General information
- Type: Single engine light flying boat
- National origin: Russia
- Manufacturer: Gidrosamolet LCC (Seaplane Ltd)
- Designer: Boris Chernov

History
- First flight: 19 October 2010

= Chernov Che-24 =

The Gidrosamlet Che-24, 26 and 29 are closely related light flying boats designed and built in Russia from 2010.

==Design and development==

The Ch-24, Che-26 and Che-29 are braced, parasol wing monoplane flying boats, which differ in the number and type of engines and in their seat numbers. The wings are identical, with no sweep and constant chord out to trapezoidal, upturned tips. Full span, slotted flaperons are fitted. There are two streamlined bracing struts on each side, one from mid-fuselage to about one third span and a shorter, more vertical one from higher on the fuselage. These are assisted by further light struts bracing the rear of the wing centre section via the cabin roof. The engines, one placed centrally on the Ch-24 and two on the other variants are all mounted above and forward of the wing leading edge. The fin, integral with the fuselage, and balanced rudder are swept, tapered and generous. The tailplane is mounted midway up the fin, externally braced from below.

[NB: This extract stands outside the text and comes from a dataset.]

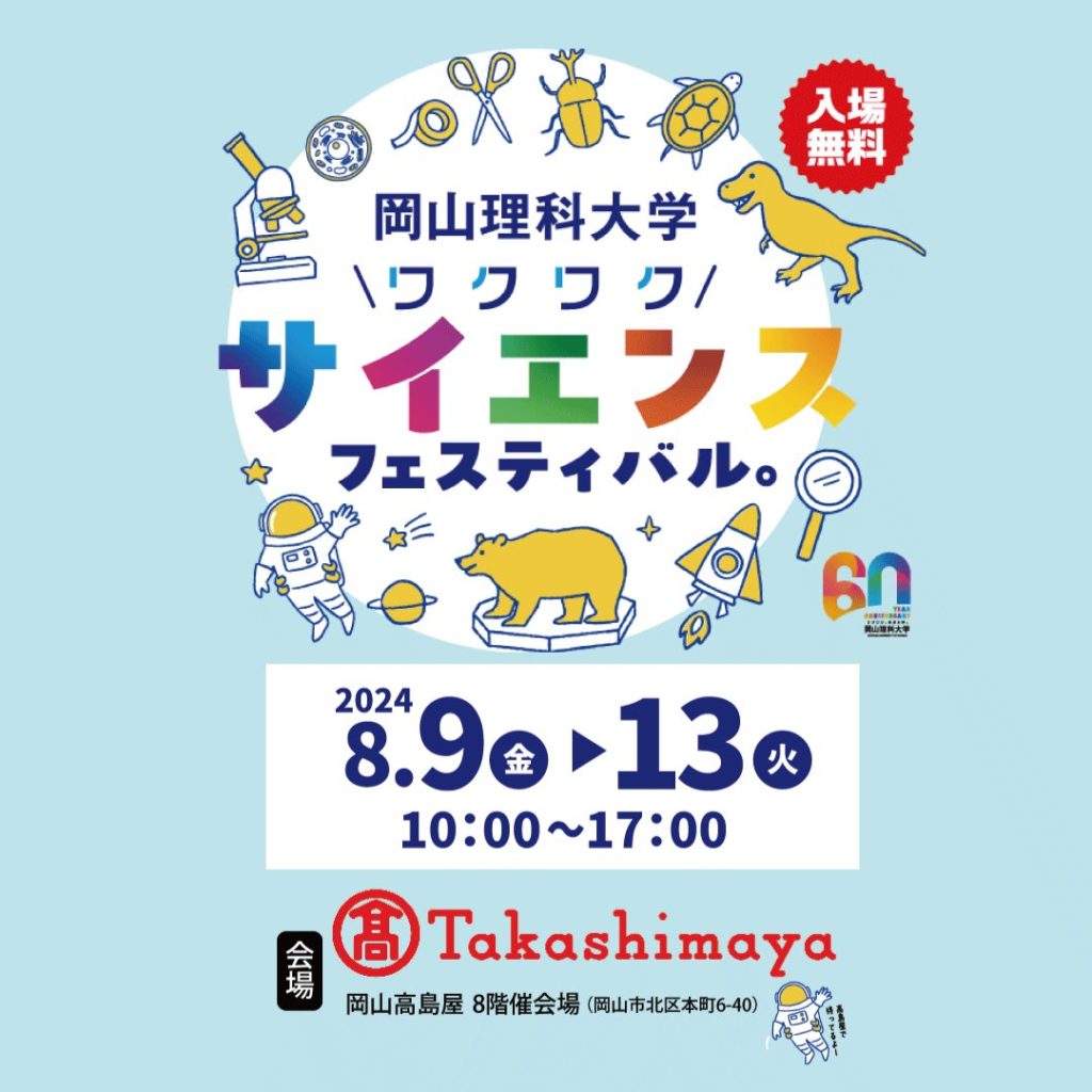 岡山理科大学60周年記念事業の一環として「科学」を身近に感じ「科学」の面白さを世に広めるべく、

Both the rudder and elevators have electrically powered trim tabs.

The fuselage, a two step hull design, is a fibreglass structure on all models with the glazed cabin well below the wing underside. The two seat Che-24 and Che-26 have the same length, side by side seats and upward opening doors. The Che-29 is 400 mm longer and has a second pair of seats behind the first. Fixed wing tip floats, each mounted on parallel pairs of struts, provide stability on water where a water rudder under the fin is used for manoeuvring. All types have the option of an amphibious conventional undercarriage; the small mainwheels are on short cantilever legs which can be rotated upwards out of the water.

==Variants==
Data from Jane's All the World's Aircraft 2013-4 pp. 522–4
- Che-24
  Original version, as described below with single Rotax engine and two seats. First flown 18 October 2010.
- Che-26
  Twin engines, with a choice between 51.5 kW twin cylinder inline Sauer S650 or 48 kW Rotax 582. Empty weight as amphibian, 400 kg. Two seats.
- Che-29
  Twin engines, with a choice between 73.5 kW Rotax 912 ULS or 123 kW Subaru EJ25 water-cooled flat fours. 400 mm longer than the Che-24 and -26 and 310 kg heavier empty (Rotax 912 version) than the Che-26, with four seats. First flown 4 November 2011.